■ Supplied material ■
----------
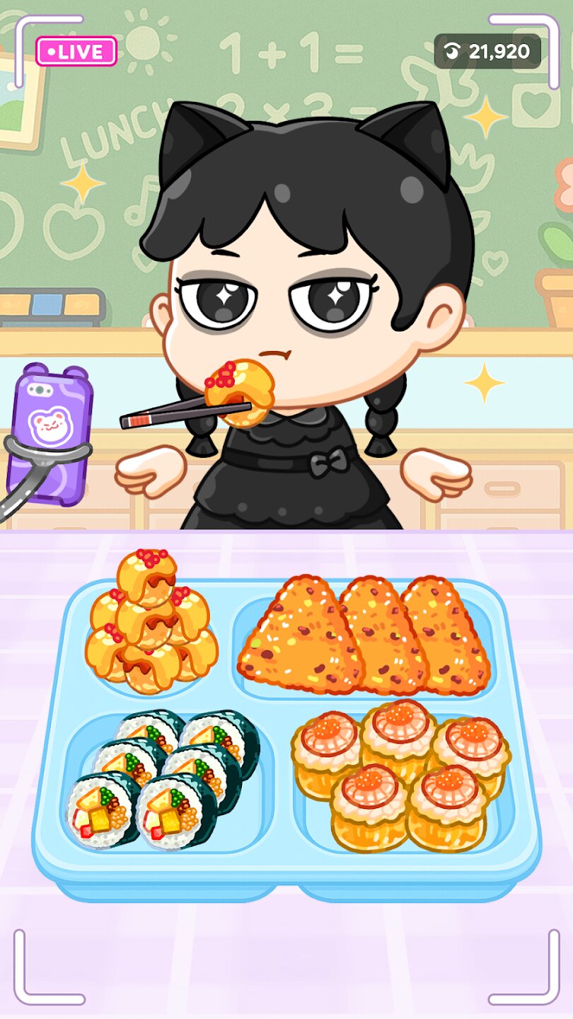 Как только ваше угощение будет готово, пора выходить в прямой эфир и общаться с поклонниками. Основой игры является иммерсивная стриминговая сессия, в которой центральное место занимают реалистичные ASMR-звуки еды и приготовления пищи. Общайтесь со зрителями через веселые чаты и наблюдайте, как растет количество ваших подписчиков. Ваш успех в этих прямых трансляциях напрямую переводится в виртуальную валюту, которая необходима для расширения вашего контента и личного стиля.
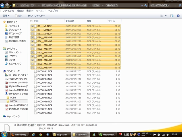 しっかり存在しているので、どうやらD90でこれらの設定ファイルを読み込む事は不可能らしい。
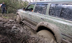 路虎挑战失败 深陷1米深的泥沟 无奈使用绞盘救援
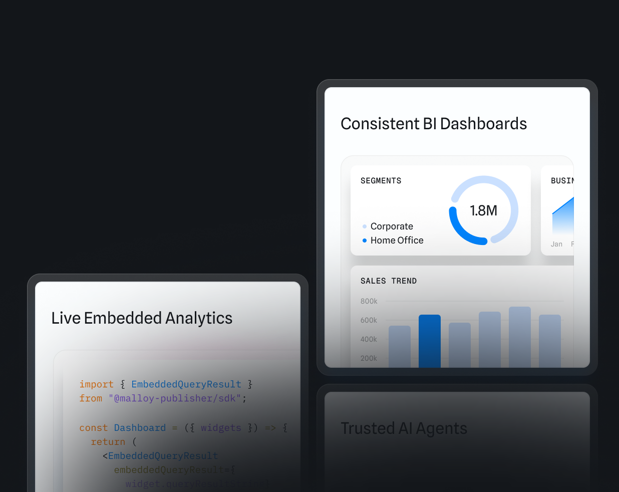 Start by building the reliable, consistent dashboards your business runs on. For teams that love their existing tools, our platform can serve as a consistent semantic layer. Connect existing BI tools via our SQL API and ensure every report across the company is powered by the same set of verified facts.
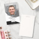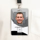 Crachá de identificação com foto com um design preto e branco com espaço para sua foto e logotipo personalizados. No verso, você pode adicionar um código de barras ou código QR personalizado e textos adicionais ou excluir os modelos. Você também pode copiar e colar o design e as fotos da frente para o verso, se desejar.
----------
■ Problem statement ■
Leaving out every picture, repeat exactly the lines of the records from the start through the line that has "しっかり存在しているので、ど".

■ Your solution ■
 Как только ваше угощение будет готово, пора выходить в прямой эфир и общаться с поклонниками. Основой игры является иммерсивная стриминговая сессия, в которой центральное место занимают реалистичные ASMR-звуки еды и приготовления пищи. Общайтесь со зрителями через веселые чаты и наблюдайте, как растет количество ваших подписчиков. Ваш успех в этих прямых трансляциях напрямую переводится в виртуальную валюту, которая необходима для расширения вашего контента и личного стиля.
 しっかり存在しているので、どうやらD90でこれらの設定ファイルを読み込む事は不可能らしい。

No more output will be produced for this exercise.